TASK GOAL :: Note on the material below: return exactly the lines from the line that holds "A Victorian solid" through the line that holds "纯银做旧效果 方形 G 镂空图案 边缘呈现织纹效果 阿拉伯风格刻花图案", and leave out each picture.

MATERIAL TO PROCESS ::
======

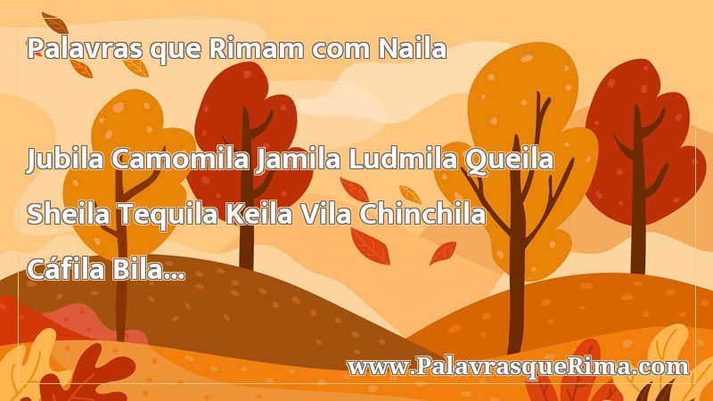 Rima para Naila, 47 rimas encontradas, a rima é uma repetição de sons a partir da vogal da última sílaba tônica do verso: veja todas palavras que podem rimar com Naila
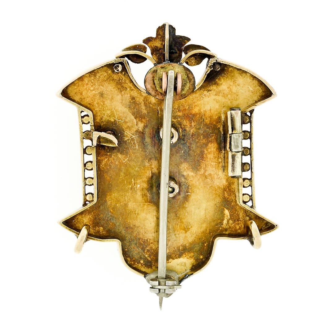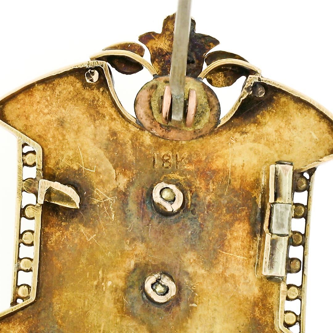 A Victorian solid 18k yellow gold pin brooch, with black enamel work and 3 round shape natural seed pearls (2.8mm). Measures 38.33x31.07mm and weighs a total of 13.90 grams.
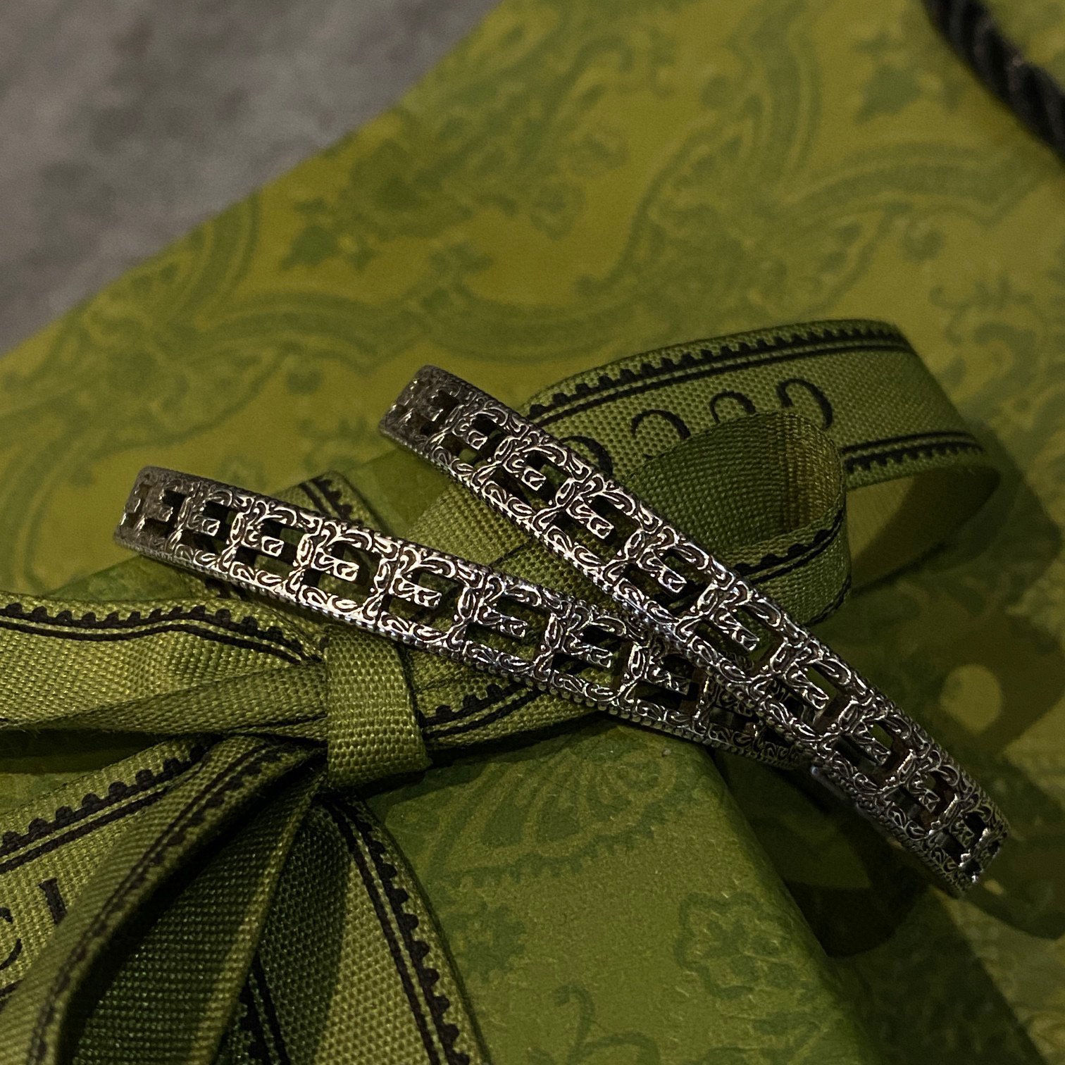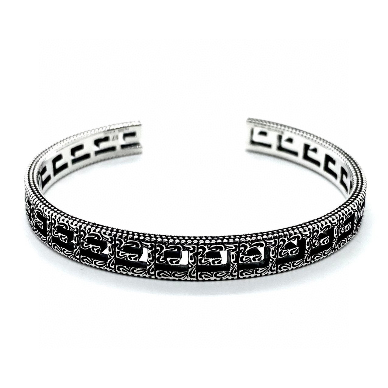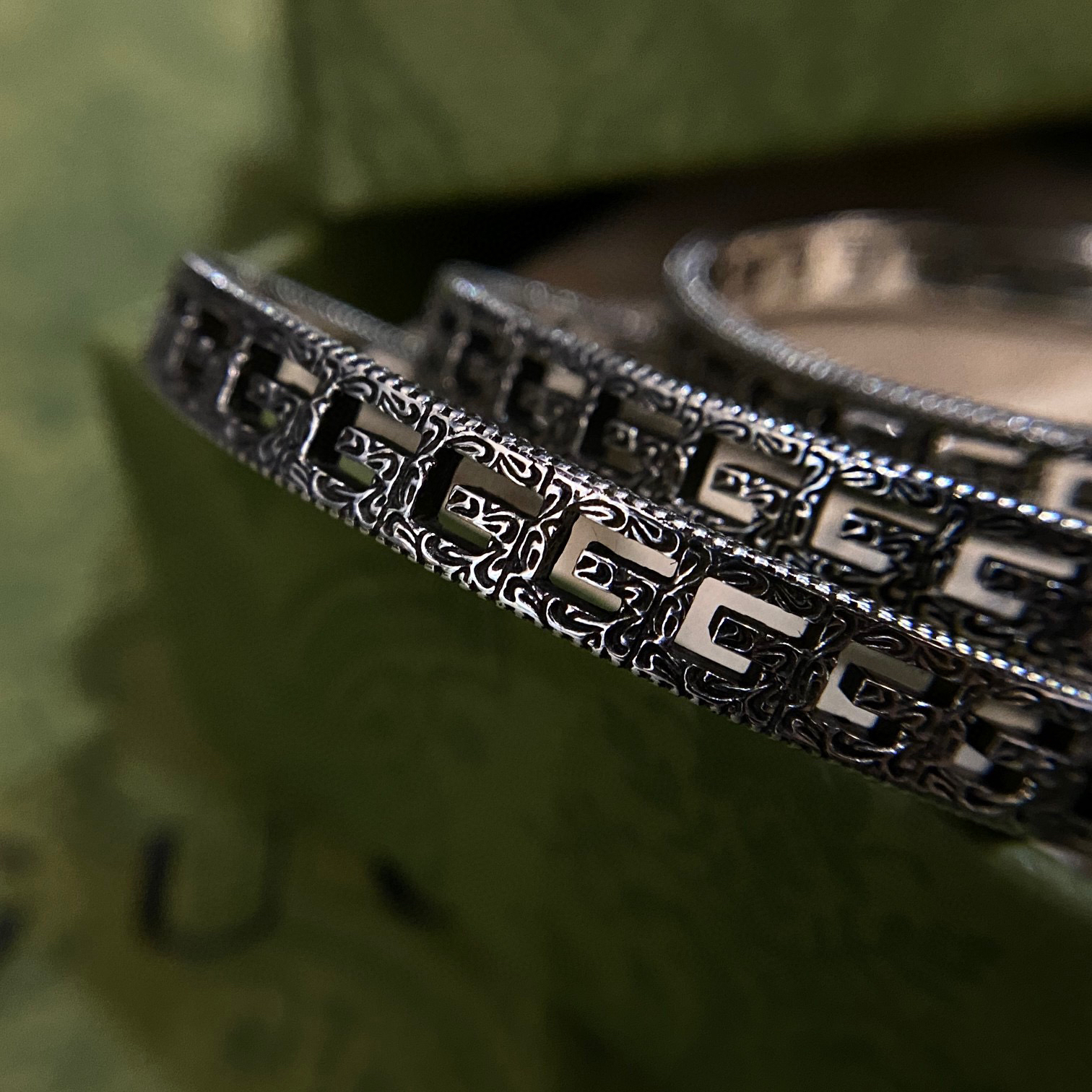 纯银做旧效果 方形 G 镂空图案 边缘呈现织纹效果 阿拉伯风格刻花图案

======

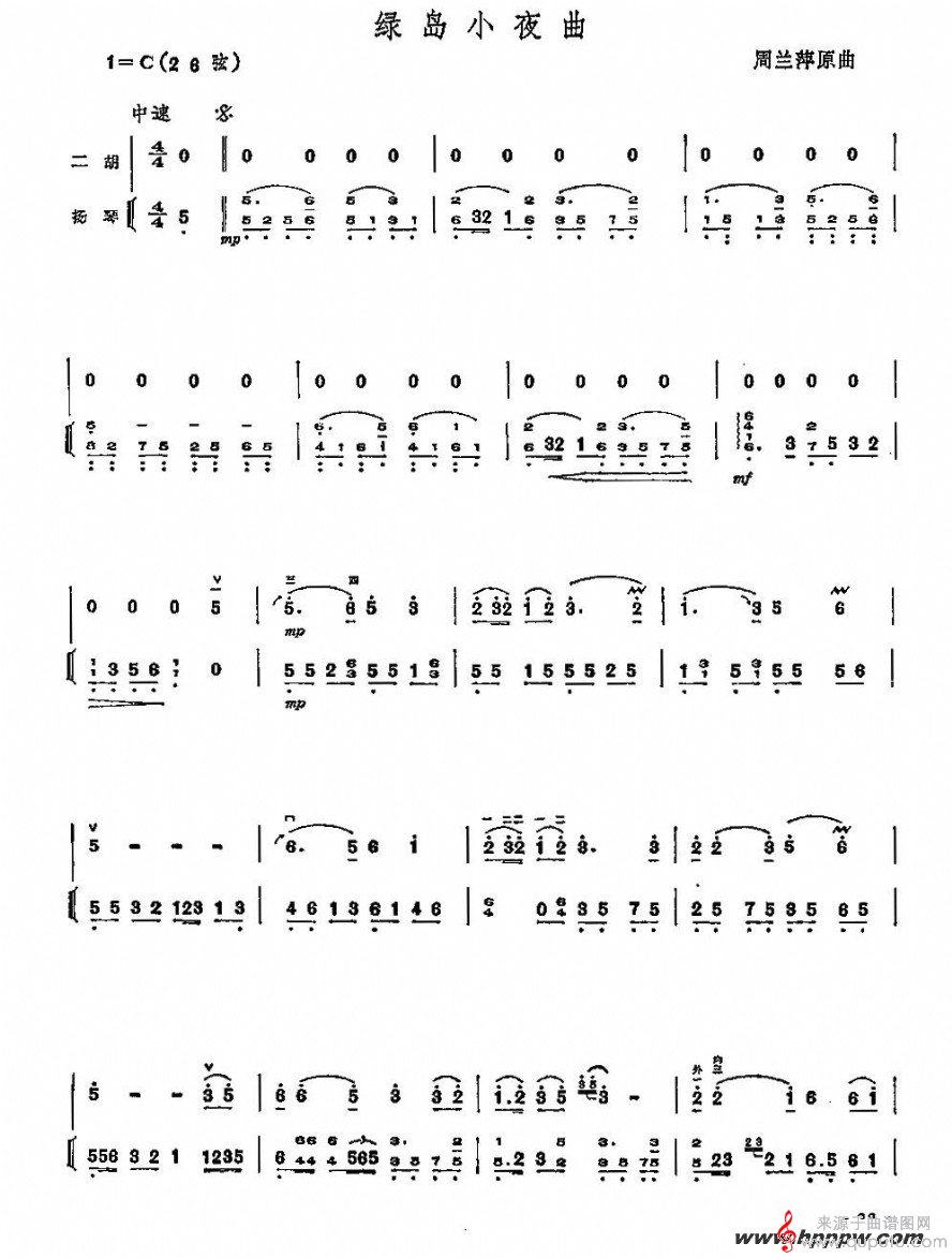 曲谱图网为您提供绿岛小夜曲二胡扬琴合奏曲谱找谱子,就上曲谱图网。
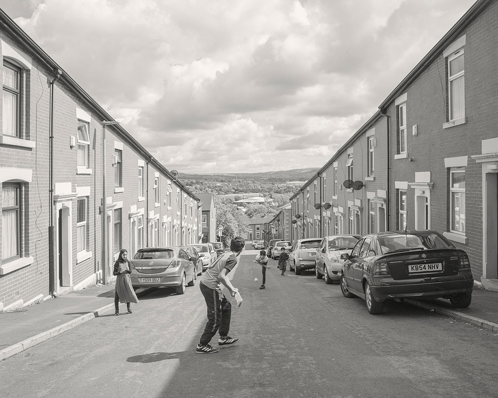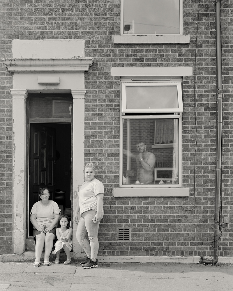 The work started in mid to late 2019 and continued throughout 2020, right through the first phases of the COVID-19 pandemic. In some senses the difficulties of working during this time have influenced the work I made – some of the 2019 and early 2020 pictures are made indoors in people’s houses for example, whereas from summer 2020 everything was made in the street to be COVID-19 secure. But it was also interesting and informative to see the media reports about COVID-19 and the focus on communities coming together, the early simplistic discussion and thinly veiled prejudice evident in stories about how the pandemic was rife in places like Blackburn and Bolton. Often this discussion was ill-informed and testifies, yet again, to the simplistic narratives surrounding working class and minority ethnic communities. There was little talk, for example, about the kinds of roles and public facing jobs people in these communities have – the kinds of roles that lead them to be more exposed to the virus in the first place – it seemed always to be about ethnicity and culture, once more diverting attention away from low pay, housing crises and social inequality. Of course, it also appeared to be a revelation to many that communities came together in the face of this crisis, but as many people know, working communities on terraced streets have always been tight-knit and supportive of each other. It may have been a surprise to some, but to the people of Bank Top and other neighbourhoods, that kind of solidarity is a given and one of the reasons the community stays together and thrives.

======

COMPLETED EXERCISE ::
 A Victorian solid 18k yellow gold pin brooch, with black enamel work and 3 round shape natural seed pearls (2.8mm). Measures 38.33x31.07mm and weighs a total of 13.90 grams.
 纯银做旧效果 方形 G 镂空图案 边缘呈现织纹效果 阿拉伯风格刻花图案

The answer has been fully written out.